Satisfactory progress during this year requires completion of Milestone 2, passing the First Examination
During their third year, students complete their 2nd Examination and proceed to generate pilot data which will serve as the basis for their Dissertation proposal. They also make a presentation based on their research at the Neuroscience Colloquium. In consultation with their Advisor, they will refine the hypotheses, research strategy, design and analysis of their draft Thesis proposal.
Assessment: The Second Examination: Based upon a draft proposal comparable in form to that of an NSF or NRSA predoctoral fellowship, this Exam is designed to ensure that students have mastered the basic information, methods and modes of analysis necessary to proceed towards the Dissertation. Continued progress in the program requires satisfactory passage of the Examination within 2 attempts.
Satisfactory progress during this year requires completion of Milestone 3, passage of the Second Examination
During their fourth year, students will begin submit the Dissertation proposal and begin to generate draft manuscripts for publication based upon one or more of their research studies. This will involve careful supervision of the writing itself and discussions of appropriate publication venues. They will also be required to make a presentation at the Neuroscience Colloquium which will serve as a Progress Report on their research.

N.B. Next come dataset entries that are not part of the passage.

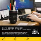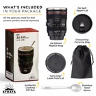 STRATA CUPS Camera Lens Coffee Mug -13.5oz | (2 LIDS + SPOON + BAG) Gifts for Him, Dad Gifts, Photography, Camera accessories, Novelty Gifts, Gifts for Him Product Details Brand: STRATA CUPS Color: Black Special Feature: Sliding Lid, Lightweight, Food Grade Steel Interior, Vacuum Insulated, Double Wall Style: Retro Theme: Photography, Office, Gift, Travel, Quirky, Costume, Hobby, Funny, Camera, Coffee Brand: STRATA CUPS Color: Black Special Feature: Sliding Lid, Lightweight, Food Grade Steel Interior, Vacuum Insulated, Double Wall Style: Retro Theme: Photography, Office, Gift, Travel, Quirky, Costume, Hobby, Funny, Camera, Coffee Recommended Uses For Product: Gift for Photography Enthusiast, Tea Mug, Travel Thermos, Gift for Woman, Gift for Coffee Lover, Tea Drinker, Present for Friend, Coffee Cup, Gift for Man, Uncommon Gifts, Gift for Filmmaker Included Components: Slider Lid, "Lens protector" carrying bag, Travel Screw-on Lid, Tea Spoon, Coffee Mug Specific Uses For Product: Fun Gift, Camera Accessory, Travel Cup, Cold Drinks, Hot Drinks Shape: Round Pattern: Solid Product Care Instructions: Hand Wash Recommended for Cup; Lids & Spoon are Dishwasher Safe Age Range (Description): Adult Material Feature: Insulated Reusability: Reusable Unit Count: 1 Count Product Dimensions: 3.7"W x 7.3"H Material Type Free: BPA Free Number of Items: 1 Team Name: Camera Lens Coffee Mug League: Coffee Lens Camera Mug Package Type: Standard Packaging Manufacturer: STRATA CUPS UPC: 608802235653 643710993516 Size: 4 Piece Set Item Weight: 9.9 ounces Is Discontinued By Manufacturer: No Date First Available: December 28, 2016 SUPER BUNDLE! NO SPILL LID + RETRACTABLE LID + SPOON + BAG!: When you're rushing around with the morning brew the last thing you want is the lid popping off! Your Strata Cups Camera Lens Coffee Mug has SCREW ON lids that won't budge. The fully closed lid is non-spill! Even if you throw your coffee across the room your coffee cup lid will keep your brew safe, until you come to your senses and drink it while it's hot. 13.5oz STAINLESS STEEL LINING = HOT DRINKS STAY HOT FOR LONGER: Insulated stainless steel interior transforms your unique coffee mugs photography gifts into a convenient coffee thermos! Food grade ABS plastic keeps your hands cool from hot liquids. Fits 13.5floz liquid (without lid) and 11oz when lid securely attached. From the kitchen to the car to the office - your coffee is safe from harsh glare of an early start. LOVERS OF PHOTOGRAPHY and novelty mugs will get a kick out with self stirring camera lens mug the exact replica of a Model EF 24-105mm Camera. Its the fun coffee thermos that doubles as a guaranteed conversation starter. Your coffee mug comes with two lids The Retractable Sipper Lid, and Camera Lens replica closed lid + stainless steel spoon. NOT A COFFEE DRINKER? NO PROBLEM - IT'S MULTIPURPOSE: If you're not one of those folks who loves wrapping both hands around a hot cup o' joe, you can still enjoy this fun coffee mug! Fill it up with cold drinks or smoothies, they'll stay nice and cool under the sealed lid. Or, use it as a nifty pen holder, hold loose change - or a vase. We're not going to tell YOU how to enjoy your cup, you choose! THE STRATA CUPS PROMISE: We'll never deny you a great cup of coffee, or tea! We are 100% confident you will be delighted by the quality and fun of your Camera Lens Mug. But, if for any reason you're not completely satisfied please don't hesitate to reach out!
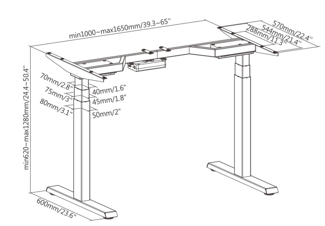 Výškově stavitelná stolová podnož Brateck M08-23DE 2 motory rozsah 620-1280 mm nosnost 100 kg
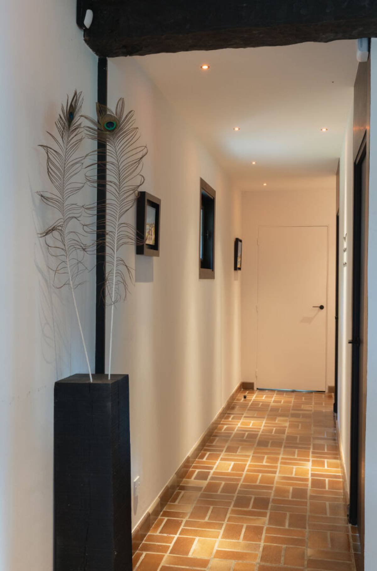 The hallway, with its carefully designed lighting, features two folding glass doors that open onto the kitchen and living room respectively, offering a clear view from the kitchen to the fireplace.
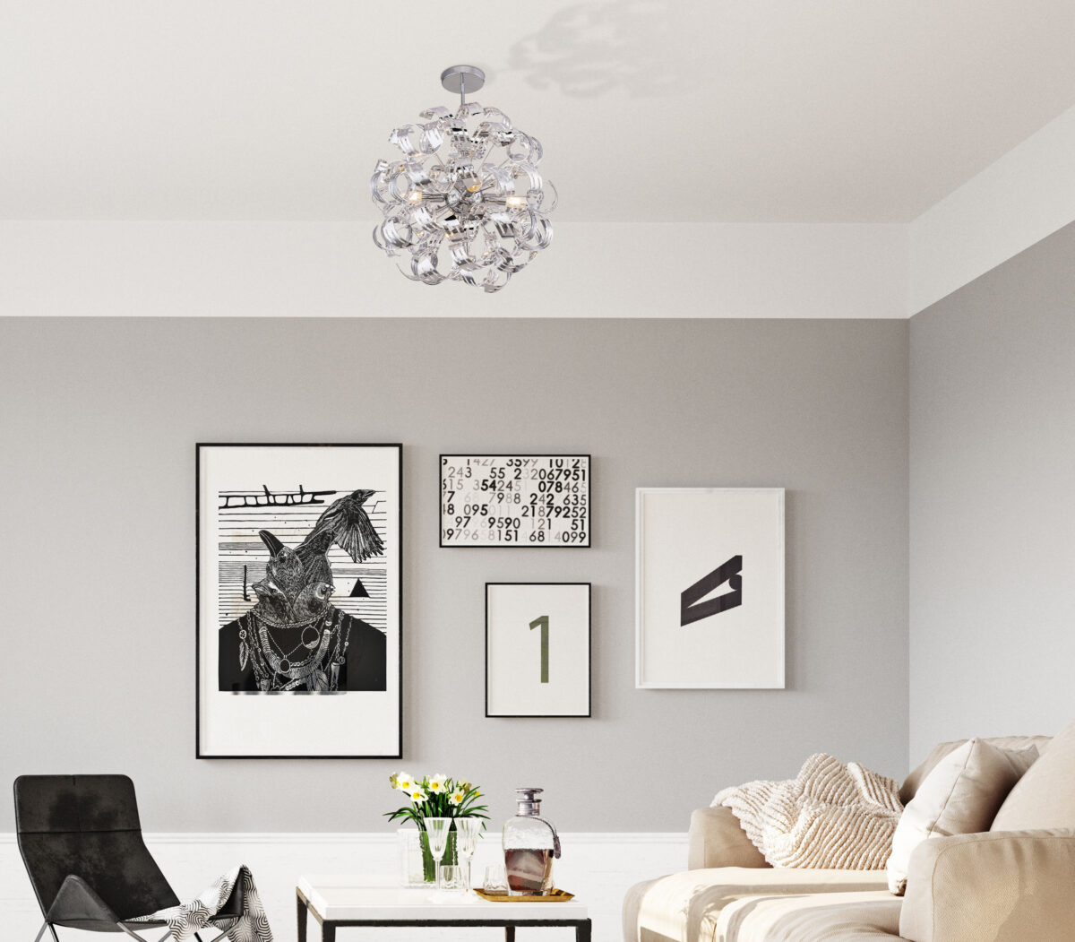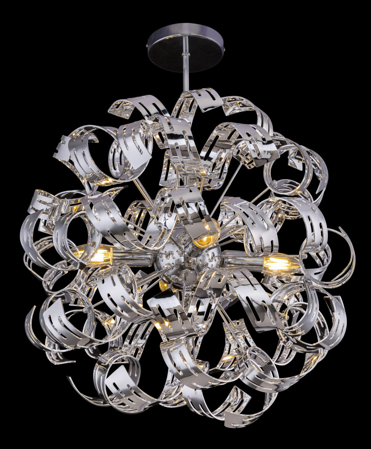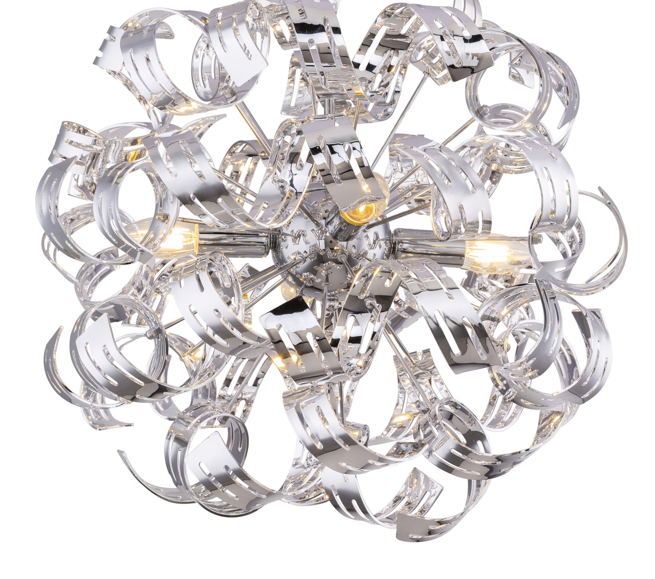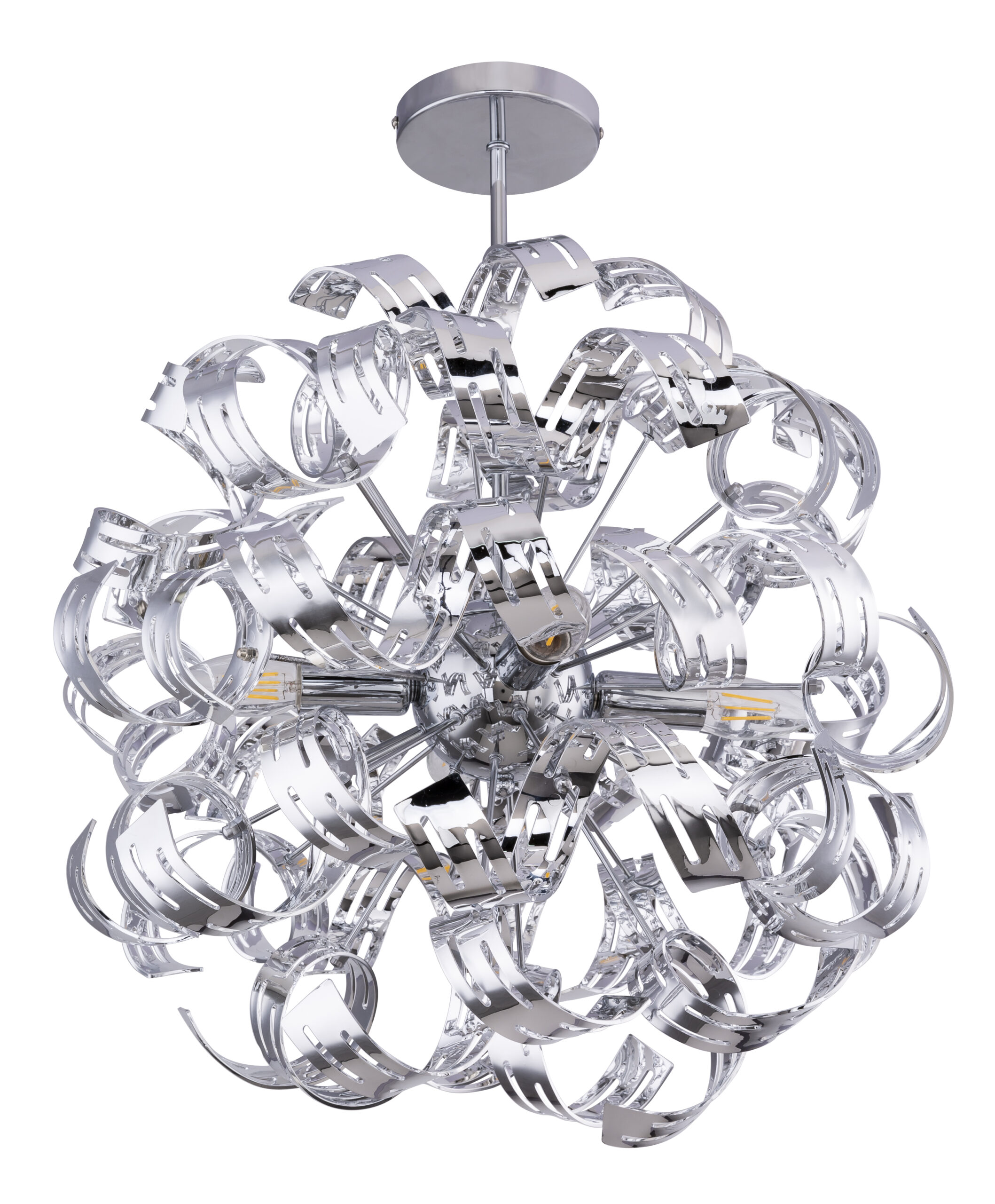 Ova plafonska lampa (Ø 50 cm) nudi čudo romantike kroz svoje ruke sa zakrivljenim hromiranim trakama. Svojim razigranim okruglim dizajnom, ova unutrašnja lampa privlači svačiju pažnju. Sa visinom od 56 cm, ova plafonska lampa se može univerzalno koristiti u zatvorenom prostoru. Slobodnim odabirom izvora svjetlosti (4 x E14/max. 40W) možete sami odrediti intenzitet svjetla i boju svjetla. Zbog dugotrajnosti preporučujemo LED sijalice. Sa ostalim modelima ove serije možete dodatno uljepšati sliku svog staništa.

This work will be carried in conjunction with Advisory Committee meeting.
Assessment: Satisfactory progress during this year requires completion of Milestone 4, submission of the Thesis Proposal.
During their fifth year, students will complete and submit for publication manuscripts based upon their Thesis research. Discussions with advisors on career planning will include consideration of Postdoctoral fellowship possibilities and contact with possible sponsors. With their advisers and Grad Center counsellors, they will also explore opportunities in translational research and biotechnology areas. Assessment. Completion of Milestone 5, the Dissertation Defense.
The list below indicates some of the specialized courses available to doctoral students.
Animal Behavior I: Evolution
Animal Behavior II: Mechanisms
Anatomy of Human Cognition
Cognitive Neuroscience (e.g. Attention, Memory, Methods)
Learning (e.g. neural and behavioral mechanisms)
Cell biology of myelination
Physiology of the nervous system
Diseases of the nervous system
Social, Cognitive and Affective Neuroscience
Students should expect to spend the majority of their first year in laboratory work. To assist them in their laboratory choices, all entering students will attend an Introductory Research Colloquium (during Orientation week) that will include presentations by current students and selected faculty, and will also register for the Neuroscience Collaborative Colloquium featuring Neuroscience faculty who are interested in sponsoring student research. The organization of training for entering students is designed to ensure that each identifies an appropriate faculty thesis mentor by the end of the first year.
In addition to their research work, all entering students will take a year-long interdisciplinary course sequence in neuroscience. The combination of research and course work will prepare students for the First Exam (qualifying exam).